Sylvia spent much time with others but the most psychologically dangerous were the times spent alone exploring the city and its riches. The vicious circle that had driven Sylvia’s life since her father’s death had reached a point where her secret rage against the world and her father was being turned inward. Solitude was no longer essential and creative but now dangerous and unproductive. She maintained the mask somehow and appeared a rather shy yet pleasant young woman though it must have been a huge struggle.

At the end of her time in New York Sylvia was asked to pose for a photograph and it turned out to be the breaking point, she was no longer able to rely on method to mask her deep unhappiness. She broke down and wept before posing and from this point even the simplest and commonest tasks seemed to difficult to complete, her energy was depleted and she “could not care about life to exert the slightest effort on her own behalf”. When Sylvia left New York at the end of June she was “numb inside – trapped in the hurricane eye of mental paralysis and headed for destruction”.
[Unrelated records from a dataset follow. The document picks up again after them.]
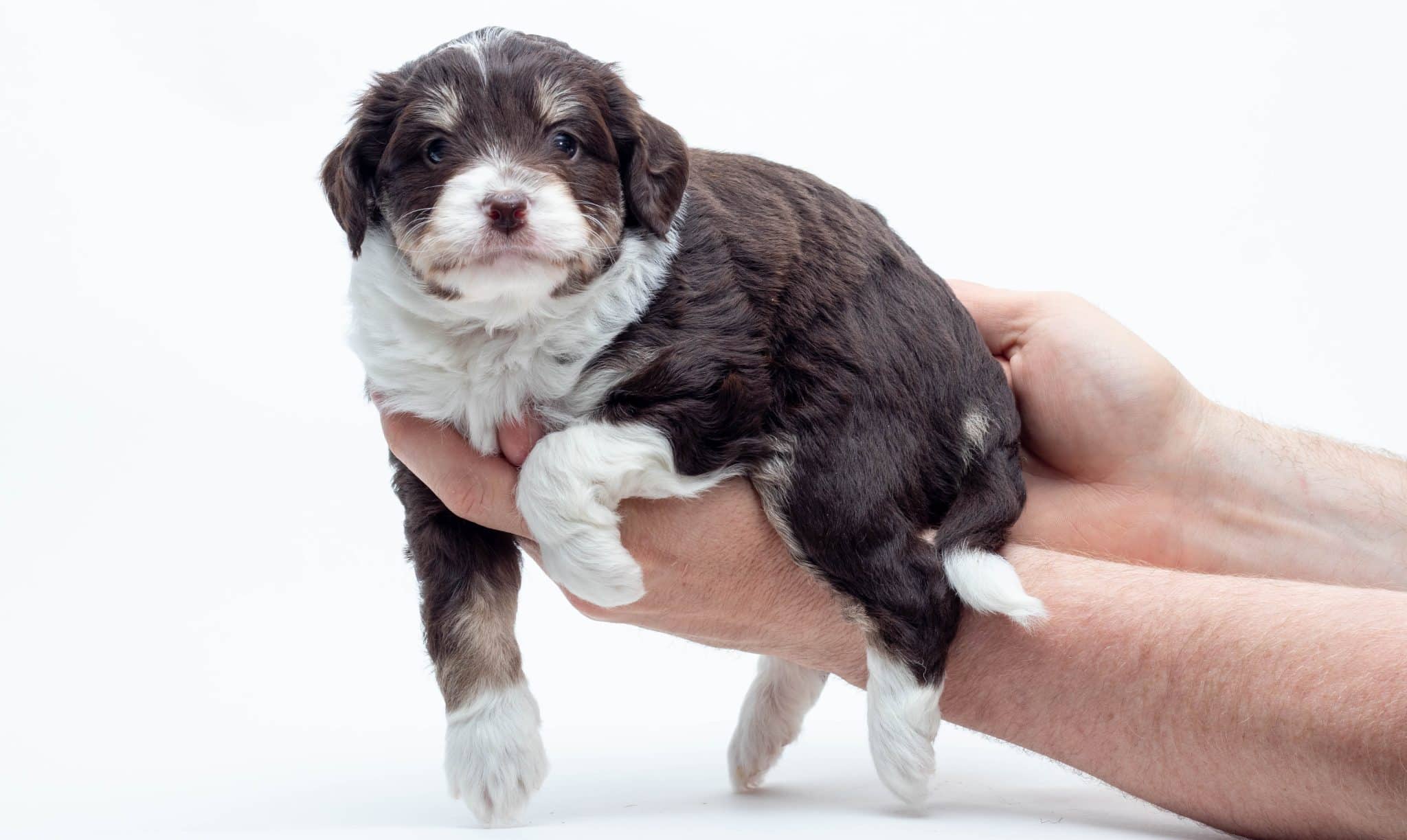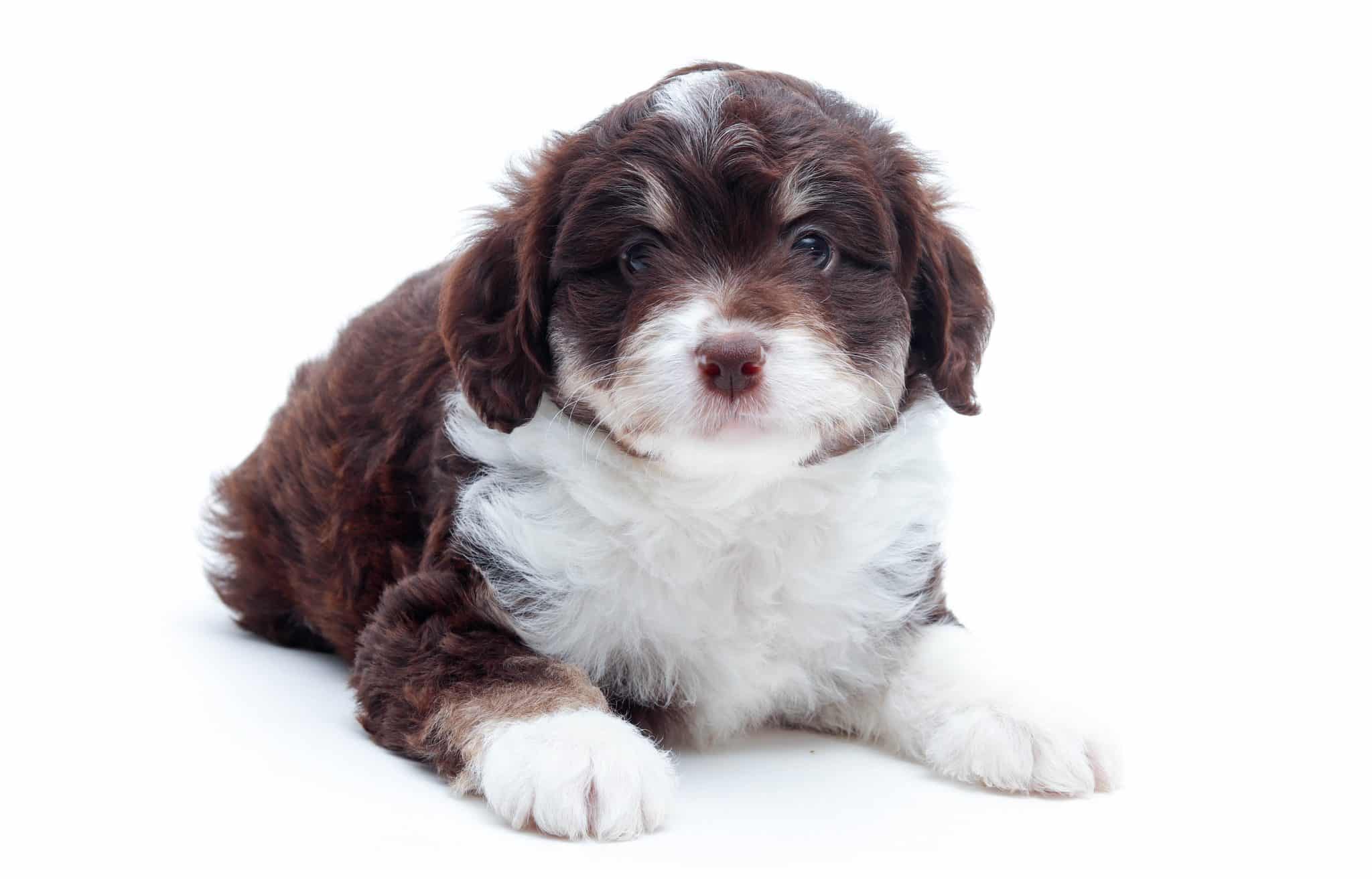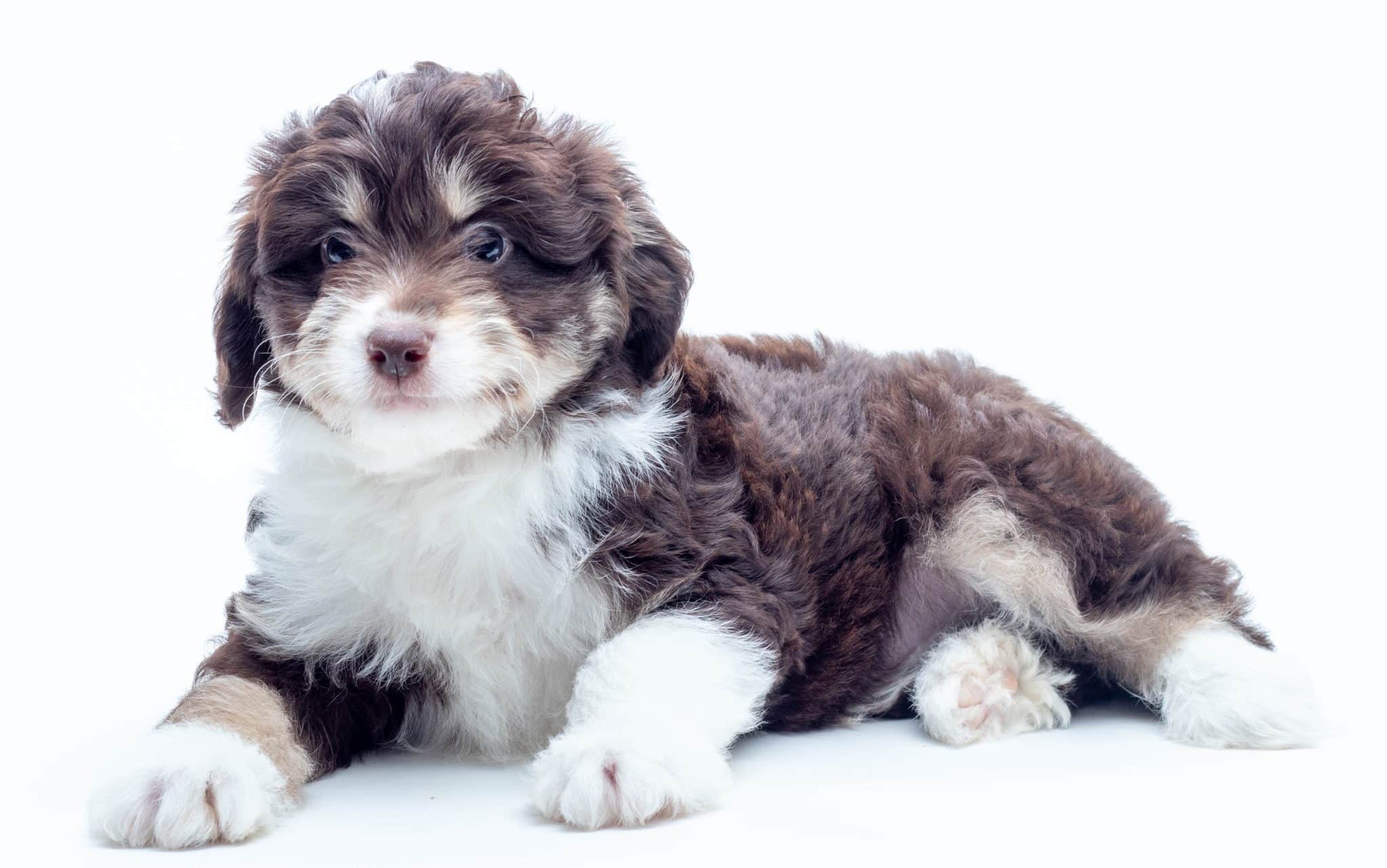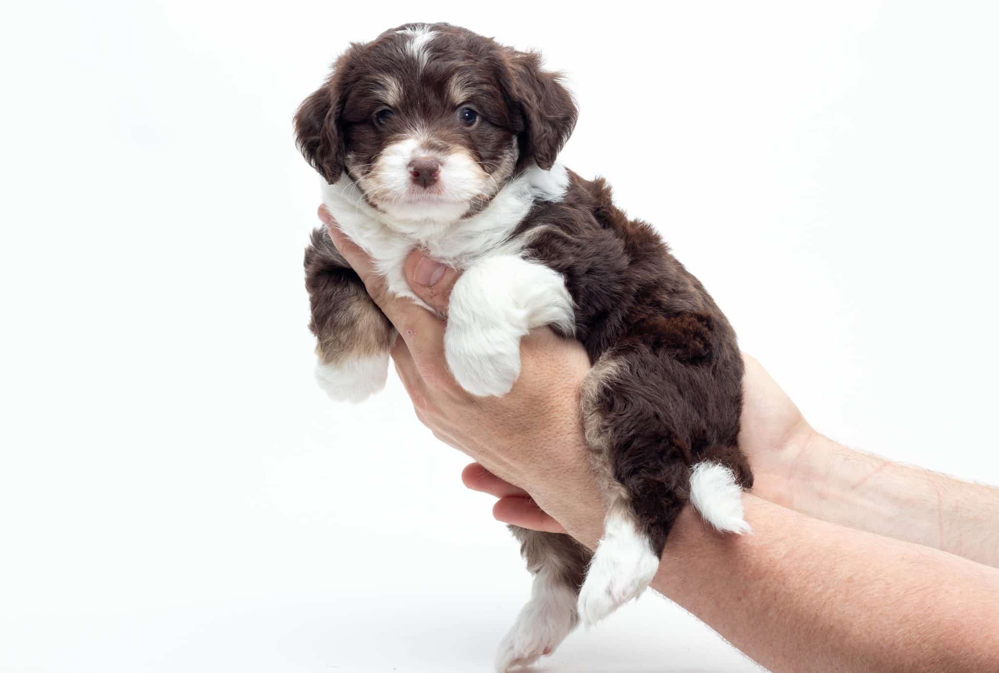 Kobe is a male Chocolate Tri-Color F1 AussieDoodle puppy.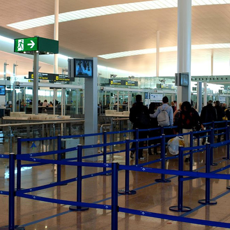 (0) Abgrenzungsständer mit 250cm ausziehbarem Gurt, blau pulverbeschichtete Edelstahl Fertigung.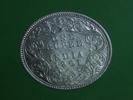 | Description / विवरण | The obverse shows the crowned bust of Victoria facing left, with the divided legend on either side along the edge. Milled rim, with dotted circle. Obverse legend Victoria Empress. Reverse, in centre, surrounded by floral border One rupee India 1901. Double circle with dots along the edge. |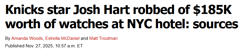 2025-11-28 10:40北京时间11月28日,据相关媒体报道,尼克斯队后卫哈特今年早些时候遭遇重大失窃案。他在纽约苏豪区多米尼克酒店的房间内,丢失了三块手表和一条手链,总价值约18.5万美元。

Sylvia hoped that upon returning home she would recover but the situation was tense with her grandmother being seriously ill and her mother in great pain from an old ulcer so she had to act as carer. To add to this came a major blow that almost shattered Sylvia’s “frail equilibrium”, her application for a creative writing class at Harvard’s summer school was rejected. Thus she had a whole summer to fill whilst all her friends were away and I was to be a very lonely time.